Они подобрались к самому длинному строению – или к тому, что когда-то им было. Здесь столетия назад творил свои темные, никому не ведомые дела Снорри Стурлусон, оставшийся в народной памяти как мудрец и великий честолюбец, которого мудрость повела по опасной кромке между знанием и злом. «Ну точно, как наш колдун Брюс, тот тоже на ходу подметки рвал», – мысль прокатилась в голове старшины, который оглядывался в поисках опасности. И с недоумением чуял, что вокруг слишком спокойно.
Дверь, грубо сколоченная из плавника и каким-то чудом уцелевшая здесь, поддалась легкому нажатию ладони Казимира, ответив сухим треском дерева. Метнулся луч фонаря. Внутри, в зыбком свете чего-то вроде очага, царил полнейший бардак. Грубая кладка из необделанных булыжников, остатки деревянной отделки стен, завалившаяся перегородка, когда-то отделявшая эту часть дома от остальной. Все было завалено комьями спрессовавшейся от времени земли вперемежку с проросшими корнями хилых северных кустов и обломками камней. Железные бочки из-под горючего, пустые бутылки от шнапса, обрывки зверски разодранных немецких топокарт (старшина уцепил взглядом красный росчерк «Sturluson! Hier!». Пустые банки от армейских консервов Jentsch & Sohn.
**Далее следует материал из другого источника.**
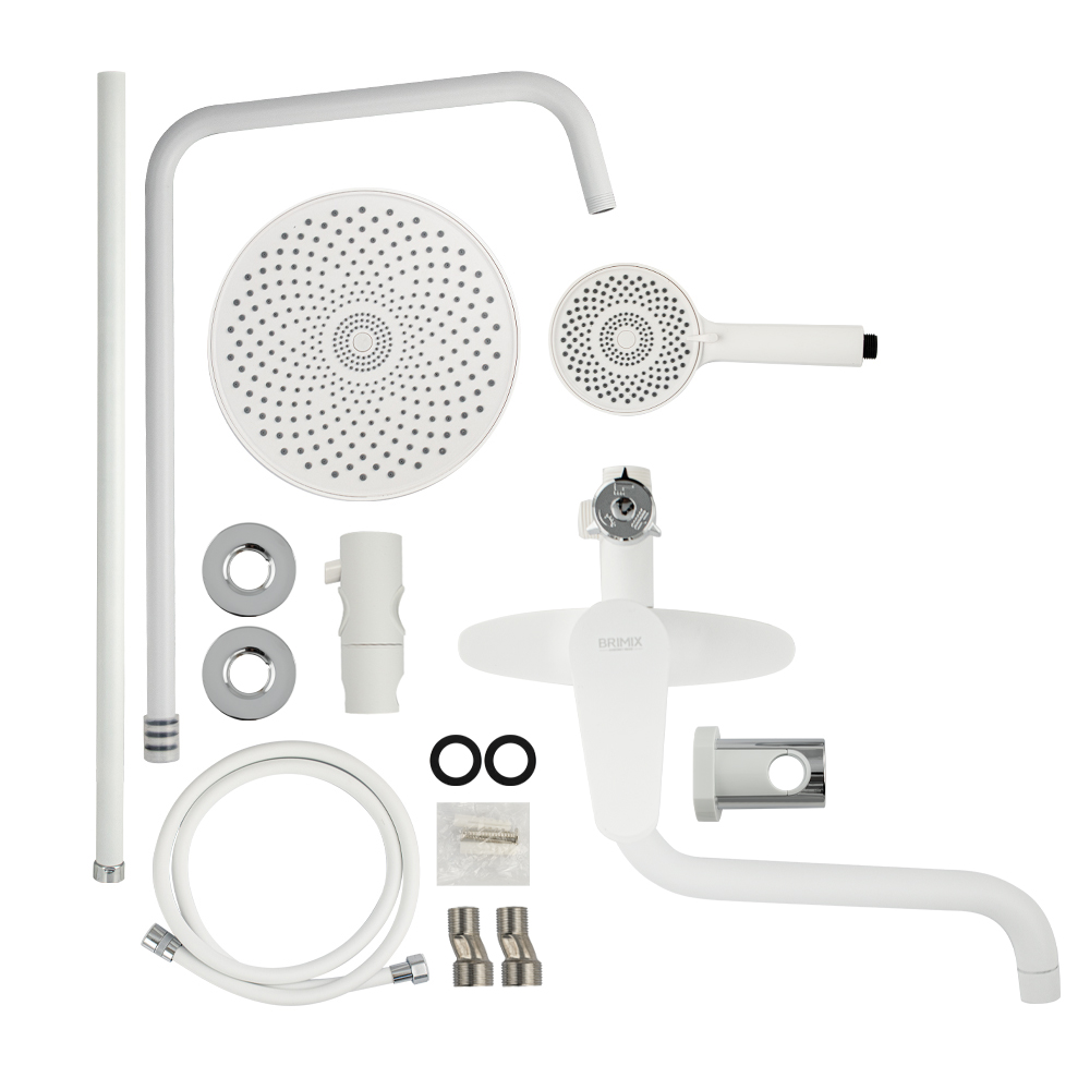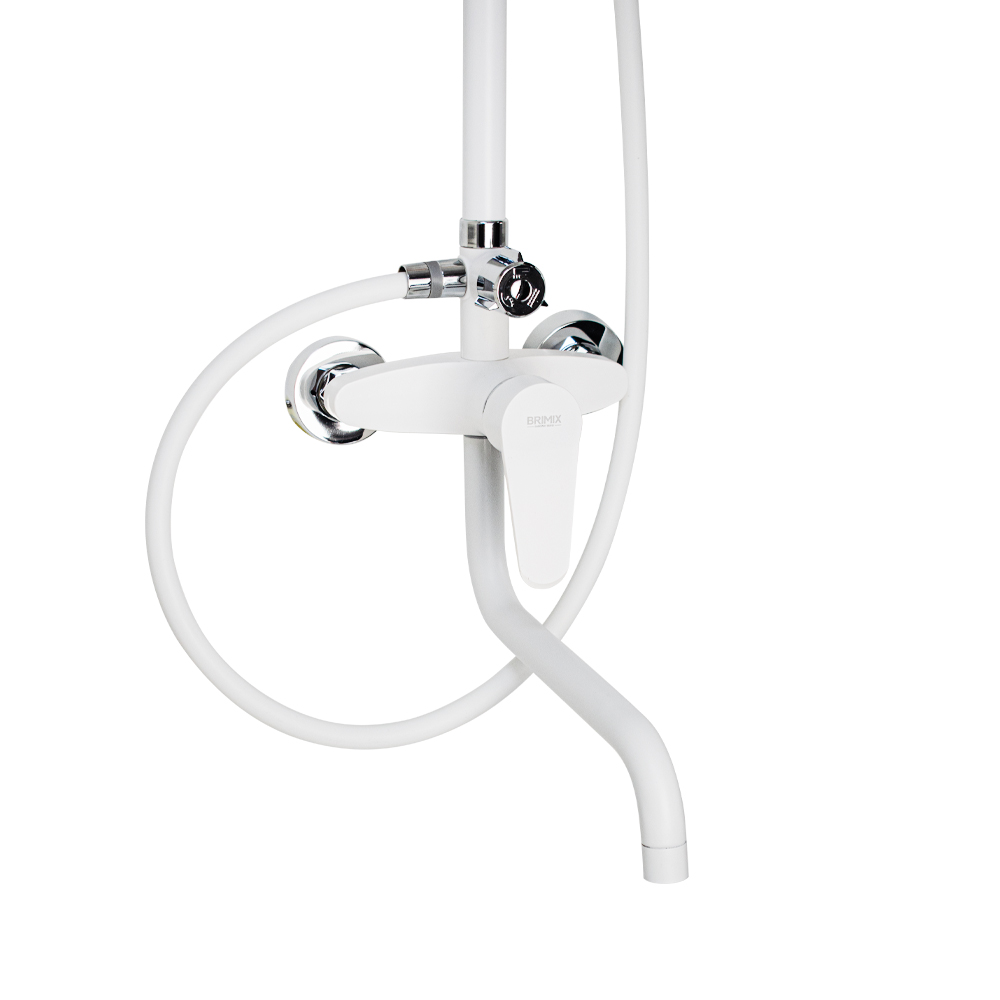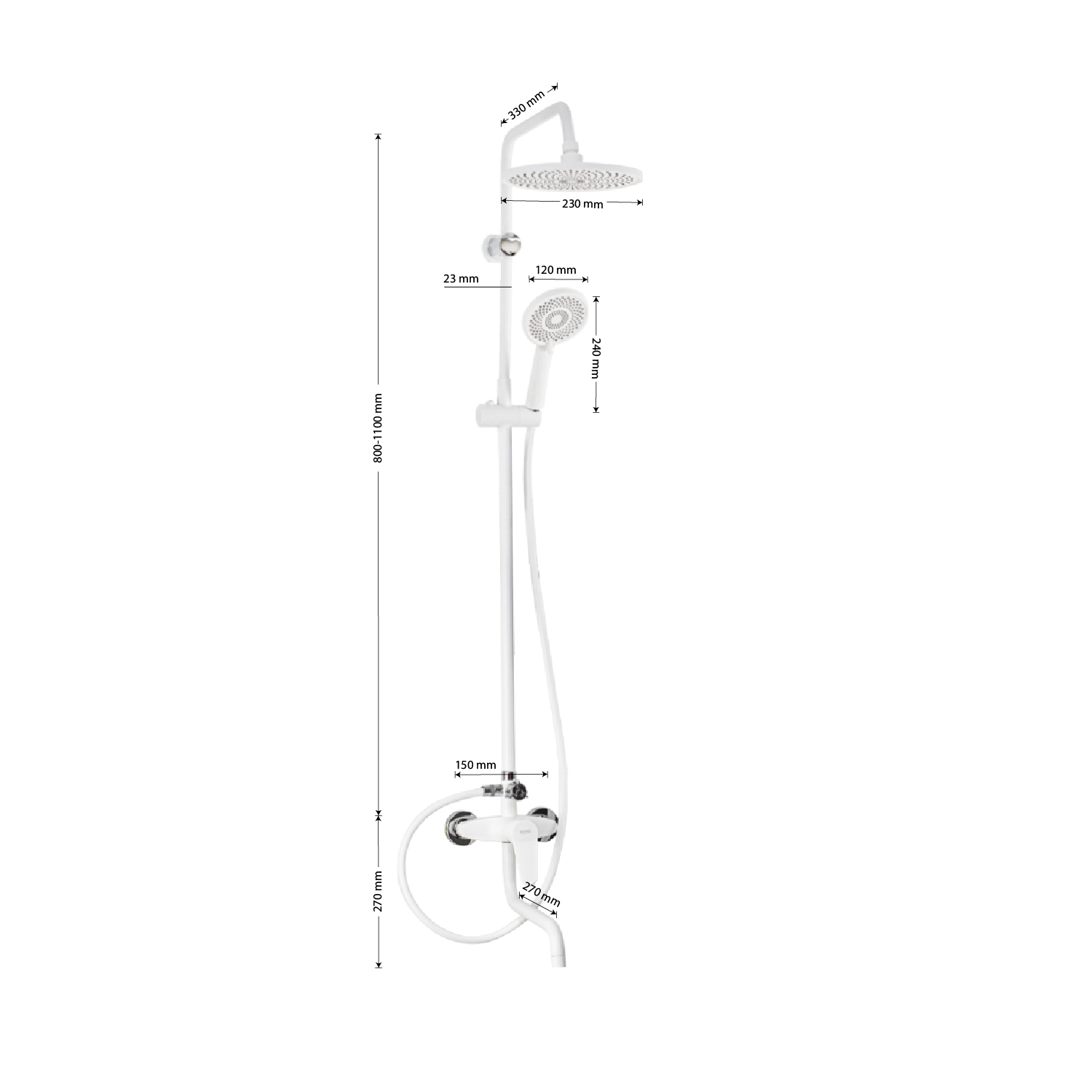 Смеситель + стойка душевая телескопическая "тропический душ" с двумя лейками в ванную / душевую комнату, белая. Смеситель шаровый, пластик АБС с поворотным круглым длинным изливом, душевым шлангом и лейкой и дивертор переключения в трёх положениях. Картридж d = мм, ручка литая, аэратор для экономии воды, чашки и эксцентрики. Душевая, регулируемая по высоте стойка с присоединением к корпусу смесителя и дополнительным креплением к стене и крючками для принадлежностей и большой круглой лейкой с эффектом тропического душа. Габаритные размеры: ширина смесителя 150 мм, высота 270 мм, длина излива корпуса 270 мм, высота телескопической стойки 800-1100n мм, длина излива стойки 330 мм, круглая душевая лейка d = 120 мм, круглая лейка тропический душ d = 230 мм, шланг 150 см. Вес - 3,070 кг, объём - 0,029 м3. В комплекте корпус с изливом, чашки, эксцентрики, прокладки, стойка, дивертор, шланг, две лейки, крепления.

Воздух здесь был обжигающе холодным, еще холоднее, чем снаружи – спертый, он отдавал плесенью, серой и горелой человеческой плотью. На каменном полу – темное, вязкое пятно с отпечатком сапога. Следы варварских раскопок: вывернутые камни, брошенные в беспорядке кирки и ломы. Тонкий луч фонаря Нефедова выхватил из полумрака разбитый прогнивший сундук, какие-то бумаги, покрытые готическим печатным шрифтом, пустые обоймы от маузеровского «девяносто восьмого» карабина, усыпавшие пол. И глубокие, словно когтями исполинского зверя, царапины на стенах и полу – не от человеческих инструментов, киркой такого не сделать, а словно что-то огромное и невидимое рвалось на свободу изнутри, устроив здесь бойню.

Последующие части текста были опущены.